3

42TB LUN, formatted in XFS and shared via NFS was reported 'unavailable' by customers. In the end I was forced to restart the file server. The XFS LUN won't mount until it is repaired, and to repair I need to mount it so the log will replay and commit the uncommitted changes. In the past, I've learned that dumping the log and running the repair results in loss of filenames for a portion of the files and folders in the LUN. 42 TB and potentially hundreds of thousands of files. Loss of filenames equates to data loss.

I have a backup. Restoring will require gathering resources.
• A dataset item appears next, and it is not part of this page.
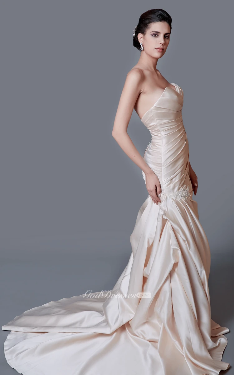 Ethereal Strapless Taffeta Mermaid Dress With Brooch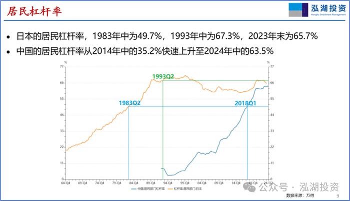 从图中可以看出,日本的居民杠杆率的见顶时期基本与日本房地产的见顶时期同步,大致在70%处见顶,之后总体呈现震荡状态。中国的居民杠杆率在2024年中时为63.5%,上升空间已相当有限,并且考虑到中国广大的农村人口难以获得信贷支持,因此当前的居民杠杆率水平可能相当接近上限。

I think there's roughly 30TB of data in that LUN that I need to restore and copy back into place. So I need 30 TB of free space, which is not readily available.

Is there another way of forcing XFS to mount in order to replay those logs and commit the changes?

This is the third time I've had a LUN 'freeze' on me and be reported as xfs corrupted in the logs and been forced to reboot the server to bring it back online. XFS seems to have a solid reputation. It has been around for a significant amount of time. And it is the default for the file server's OS (RHEL7). Have I got some terrible error in my configuration that is killing these LUNs?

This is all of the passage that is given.